┌──

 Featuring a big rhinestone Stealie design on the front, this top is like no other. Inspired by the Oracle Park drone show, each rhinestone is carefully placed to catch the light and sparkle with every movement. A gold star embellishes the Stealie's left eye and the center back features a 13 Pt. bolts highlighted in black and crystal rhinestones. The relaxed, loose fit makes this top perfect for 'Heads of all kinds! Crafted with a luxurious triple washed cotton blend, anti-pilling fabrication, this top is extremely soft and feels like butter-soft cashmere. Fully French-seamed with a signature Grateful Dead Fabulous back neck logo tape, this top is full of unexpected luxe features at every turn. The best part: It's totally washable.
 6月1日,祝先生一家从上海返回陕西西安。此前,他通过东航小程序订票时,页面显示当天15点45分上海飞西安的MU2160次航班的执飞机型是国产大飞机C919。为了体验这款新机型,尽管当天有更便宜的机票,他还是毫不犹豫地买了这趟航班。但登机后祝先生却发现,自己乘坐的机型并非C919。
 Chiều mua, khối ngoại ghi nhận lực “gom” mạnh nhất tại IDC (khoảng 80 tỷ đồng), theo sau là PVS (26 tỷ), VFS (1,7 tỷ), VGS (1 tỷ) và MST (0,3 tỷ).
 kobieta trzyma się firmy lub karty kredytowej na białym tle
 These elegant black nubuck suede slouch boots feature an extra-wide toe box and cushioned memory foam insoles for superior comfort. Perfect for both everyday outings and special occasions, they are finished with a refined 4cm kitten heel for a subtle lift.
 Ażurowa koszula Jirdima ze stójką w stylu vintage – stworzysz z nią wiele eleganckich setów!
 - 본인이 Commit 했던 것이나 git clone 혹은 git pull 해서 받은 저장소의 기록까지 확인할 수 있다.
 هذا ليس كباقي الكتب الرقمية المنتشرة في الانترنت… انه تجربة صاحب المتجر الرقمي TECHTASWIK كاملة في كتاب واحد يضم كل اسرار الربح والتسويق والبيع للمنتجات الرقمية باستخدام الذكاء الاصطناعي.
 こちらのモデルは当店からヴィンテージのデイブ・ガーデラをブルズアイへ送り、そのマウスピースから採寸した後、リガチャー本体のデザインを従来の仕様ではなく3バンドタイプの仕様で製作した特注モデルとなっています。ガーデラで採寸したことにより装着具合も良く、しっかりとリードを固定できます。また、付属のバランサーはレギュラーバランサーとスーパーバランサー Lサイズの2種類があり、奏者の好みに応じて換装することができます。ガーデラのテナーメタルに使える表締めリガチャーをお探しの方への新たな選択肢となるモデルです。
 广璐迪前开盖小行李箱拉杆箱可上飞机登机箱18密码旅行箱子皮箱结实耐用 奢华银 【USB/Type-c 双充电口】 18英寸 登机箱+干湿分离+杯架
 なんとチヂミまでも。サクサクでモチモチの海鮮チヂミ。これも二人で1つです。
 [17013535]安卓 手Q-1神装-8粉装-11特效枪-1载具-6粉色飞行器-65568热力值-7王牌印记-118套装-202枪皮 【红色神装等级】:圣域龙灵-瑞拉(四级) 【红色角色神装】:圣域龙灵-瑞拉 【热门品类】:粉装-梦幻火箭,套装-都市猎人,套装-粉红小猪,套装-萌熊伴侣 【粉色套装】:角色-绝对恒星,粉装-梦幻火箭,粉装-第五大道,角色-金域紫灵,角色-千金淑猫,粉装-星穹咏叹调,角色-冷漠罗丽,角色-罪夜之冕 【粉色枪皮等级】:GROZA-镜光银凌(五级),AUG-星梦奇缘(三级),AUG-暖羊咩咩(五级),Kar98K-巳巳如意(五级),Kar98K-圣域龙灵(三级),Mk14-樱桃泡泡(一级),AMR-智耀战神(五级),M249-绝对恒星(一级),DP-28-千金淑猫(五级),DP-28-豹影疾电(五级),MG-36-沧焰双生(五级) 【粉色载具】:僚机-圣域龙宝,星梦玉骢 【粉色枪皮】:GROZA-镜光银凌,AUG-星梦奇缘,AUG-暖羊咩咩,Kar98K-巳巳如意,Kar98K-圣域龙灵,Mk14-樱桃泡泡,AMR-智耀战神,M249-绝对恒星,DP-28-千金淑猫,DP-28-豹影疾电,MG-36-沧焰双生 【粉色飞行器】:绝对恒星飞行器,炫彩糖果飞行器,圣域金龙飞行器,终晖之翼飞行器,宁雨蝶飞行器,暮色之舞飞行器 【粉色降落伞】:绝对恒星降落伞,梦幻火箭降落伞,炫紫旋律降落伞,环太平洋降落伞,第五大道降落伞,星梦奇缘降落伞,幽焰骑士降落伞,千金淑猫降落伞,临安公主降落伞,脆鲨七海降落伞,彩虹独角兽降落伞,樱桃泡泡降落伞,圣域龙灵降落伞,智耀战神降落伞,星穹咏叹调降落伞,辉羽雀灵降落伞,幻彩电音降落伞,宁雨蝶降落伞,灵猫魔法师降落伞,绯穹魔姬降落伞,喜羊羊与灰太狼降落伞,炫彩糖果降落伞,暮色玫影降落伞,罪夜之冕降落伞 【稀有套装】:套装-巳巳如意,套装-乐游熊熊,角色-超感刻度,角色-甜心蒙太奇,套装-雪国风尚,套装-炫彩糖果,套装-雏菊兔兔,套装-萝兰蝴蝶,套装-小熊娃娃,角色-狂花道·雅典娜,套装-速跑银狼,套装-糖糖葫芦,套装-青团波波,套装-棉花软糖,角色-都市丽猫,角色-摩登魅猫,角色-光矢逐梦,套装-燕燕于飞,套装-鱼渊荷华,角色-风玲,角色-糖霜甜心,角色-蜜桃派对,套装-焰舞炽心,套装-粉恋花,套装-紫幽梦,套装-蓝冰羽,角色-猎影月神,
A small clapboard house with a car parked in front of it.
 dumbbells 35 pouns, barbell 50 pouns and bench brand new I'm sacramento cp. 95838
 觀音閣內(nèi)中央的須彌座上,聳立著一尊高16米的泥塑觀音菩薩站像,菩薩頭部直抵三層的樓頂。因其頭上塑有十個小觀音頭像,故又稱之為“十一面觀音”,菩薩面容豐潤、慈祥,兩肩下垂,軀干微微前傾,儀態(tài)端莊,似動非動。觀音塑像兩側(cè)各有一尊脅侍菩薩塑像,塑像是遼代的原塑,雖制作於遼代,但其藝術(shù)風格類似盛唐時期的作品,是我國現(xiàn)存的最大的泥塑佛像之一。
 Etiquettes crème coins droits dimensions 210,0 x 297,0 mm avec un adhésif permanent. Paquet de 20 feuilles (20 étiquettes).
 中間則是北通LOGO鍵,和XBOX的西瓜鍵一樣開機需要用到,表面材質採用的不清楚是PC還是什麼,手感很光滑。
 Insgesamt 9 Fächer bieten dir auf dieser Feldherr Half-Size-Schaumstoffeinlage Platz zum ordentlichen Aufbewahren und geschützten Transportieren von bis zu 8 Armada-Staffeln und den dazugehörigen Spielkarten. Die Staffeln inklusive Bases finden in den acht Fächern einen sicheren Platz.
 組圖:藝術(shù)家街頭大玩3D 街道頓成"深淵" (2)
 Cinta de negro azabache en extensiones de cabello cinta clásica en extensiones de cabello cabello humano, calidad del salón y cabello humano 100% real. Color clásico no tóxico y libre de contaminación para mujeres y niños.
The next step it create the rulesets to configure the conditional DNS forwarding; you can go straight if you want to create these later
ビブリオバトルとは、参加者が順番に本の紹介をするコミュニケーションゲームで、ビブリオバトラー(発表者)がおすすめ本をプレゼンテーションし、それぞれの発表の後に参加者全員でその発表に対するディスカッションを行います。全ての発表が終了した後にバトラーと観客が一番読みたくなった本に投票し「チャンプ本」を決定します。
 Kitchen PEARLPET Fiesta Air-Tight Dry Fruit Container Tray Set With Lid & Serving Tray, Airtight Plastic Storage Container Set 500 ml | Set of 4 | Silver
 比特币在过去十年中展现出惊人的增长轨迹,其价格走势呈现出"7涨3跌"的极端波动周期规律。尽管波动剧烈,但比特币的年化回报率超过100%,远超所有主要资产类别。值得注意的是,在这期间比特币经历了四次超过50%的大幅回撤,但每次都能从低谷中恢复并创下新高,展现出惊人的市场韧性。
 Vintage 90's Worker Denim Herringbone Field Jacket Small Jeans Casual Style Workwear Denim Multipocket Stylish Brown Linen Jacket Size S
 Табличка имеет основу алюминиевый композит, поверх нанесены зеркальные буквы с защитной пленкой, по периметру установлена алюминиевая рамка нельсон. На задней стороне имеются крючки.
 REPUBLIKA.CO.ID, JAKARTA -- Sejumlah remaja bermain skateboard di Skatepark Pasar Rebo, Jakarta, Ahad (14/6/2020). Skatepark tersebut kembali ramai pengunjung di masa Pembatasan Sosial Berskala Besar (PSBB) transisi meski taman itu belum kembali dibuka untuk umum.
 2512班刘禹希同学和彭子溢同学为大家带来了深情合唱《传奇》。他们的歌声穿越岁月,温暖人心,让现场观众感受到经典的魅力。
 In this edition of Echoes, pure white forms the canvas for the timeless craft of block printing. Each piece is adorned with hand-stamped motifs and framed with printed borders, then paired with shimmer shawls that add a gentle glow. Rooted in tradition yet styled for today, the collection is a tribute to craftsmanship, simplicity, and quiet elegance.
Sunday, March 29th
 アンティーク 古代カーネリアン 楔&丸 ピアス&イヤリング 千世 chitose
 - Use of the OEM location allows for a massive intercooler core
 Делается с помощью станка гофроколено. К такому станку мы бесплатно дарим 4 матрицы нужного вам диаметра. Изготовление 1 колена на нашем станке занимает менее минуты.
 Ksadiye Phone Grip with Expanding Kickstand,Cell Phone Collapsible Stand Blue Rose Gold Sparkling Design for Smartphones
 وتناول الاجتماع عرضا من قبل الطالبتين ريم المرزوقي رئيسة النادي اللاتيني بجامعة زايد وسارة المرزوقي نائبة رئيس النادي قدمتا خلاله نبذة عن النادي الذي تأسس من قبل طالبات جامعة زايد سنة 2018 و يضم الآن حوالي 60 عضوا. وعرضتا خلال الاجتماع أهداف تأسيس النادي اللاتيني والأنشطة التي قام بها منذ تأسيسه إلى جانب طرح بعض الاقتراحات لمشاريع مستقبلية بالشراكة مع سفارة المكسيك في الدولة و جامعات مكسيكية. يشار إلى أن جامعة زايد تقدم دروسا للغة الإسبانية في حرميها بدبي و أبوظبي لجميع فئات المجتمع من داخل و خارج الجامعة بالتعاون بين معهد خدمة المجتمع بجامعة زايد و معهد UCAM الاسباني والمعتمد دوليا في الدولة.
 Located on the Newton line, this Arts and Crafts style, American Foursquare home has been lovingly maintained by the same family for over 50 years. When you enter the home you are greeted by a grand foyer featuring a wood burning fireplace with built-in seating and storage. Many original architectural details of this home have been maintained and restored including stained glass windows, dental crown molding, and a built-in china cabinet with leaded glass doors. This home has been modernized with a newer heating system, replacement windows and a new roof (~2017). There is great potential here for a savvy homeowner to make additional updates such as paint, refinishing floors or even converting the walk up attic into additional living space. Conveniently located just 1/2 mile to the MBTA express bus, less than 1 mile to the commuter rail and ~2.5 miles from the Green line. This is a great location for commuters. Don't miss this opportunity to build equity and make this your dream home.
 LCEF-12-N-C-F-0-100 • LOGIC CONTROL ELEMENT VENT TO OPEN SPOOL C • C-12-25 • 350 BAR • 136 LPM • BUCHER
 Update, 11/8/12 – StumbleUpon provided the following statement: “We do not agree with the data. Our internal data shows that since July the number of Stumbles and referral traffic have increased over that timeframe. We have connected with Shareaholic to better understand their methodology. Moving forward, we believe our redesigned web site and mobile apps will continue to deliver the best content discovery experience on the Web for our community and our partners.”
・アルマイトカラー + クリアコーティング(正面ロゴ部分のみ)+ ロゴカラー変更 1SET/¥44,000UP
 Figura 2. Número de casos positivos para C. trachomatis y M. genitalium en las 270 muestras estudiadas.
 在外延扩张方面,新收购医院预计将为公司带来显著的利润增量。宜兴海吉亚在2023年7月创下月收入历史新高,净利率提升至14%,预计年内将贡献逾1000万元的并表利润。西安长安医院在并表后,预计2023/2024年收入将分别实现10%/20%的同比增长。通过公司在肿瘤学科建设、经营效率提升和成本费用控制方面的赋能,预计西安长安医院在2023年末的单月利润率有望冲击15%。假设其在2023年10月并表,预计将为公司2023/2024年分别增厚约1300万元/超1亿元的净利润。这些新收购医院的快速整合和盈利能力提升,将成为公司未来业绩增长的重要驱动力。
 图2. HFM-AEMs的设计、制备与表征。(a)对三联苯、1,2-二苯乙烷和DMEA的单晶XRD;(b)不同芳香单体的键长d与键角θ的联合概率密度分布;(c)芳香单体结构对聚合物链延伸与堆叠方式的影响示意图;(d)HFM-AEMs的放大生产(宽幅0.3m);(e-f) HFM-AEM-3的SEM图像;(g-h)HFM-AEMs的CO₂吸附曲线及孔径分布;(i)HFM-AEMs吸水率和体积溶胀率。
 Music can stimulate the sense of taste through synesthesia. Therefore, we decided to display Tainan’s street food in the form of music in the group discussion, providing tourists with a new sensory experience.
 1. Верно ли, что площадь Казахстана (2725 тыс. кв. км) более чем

└──

Your task: Go through the material and copy every line in which the word "experience" occurs.

Result:
 Update, 11/8/12 – StumbleUpon provided the following statement: “We do not agree with the data. Our internal data shows that since July the number of Stumbles and referral traffic have increased over that timeframe. We have connected with Shareaholic to better understand their methodology. Moving forward, we believe our redesigned web site and mobile apps will continue to deliver the best content discovery experience on the Web for our community and our partners.”
 Music can stimulate the sense of taste through synesthesia. Therefore, we decided to display Tainan’s street food in the form of music in the group discussion, providing tourists with a new sensory experience.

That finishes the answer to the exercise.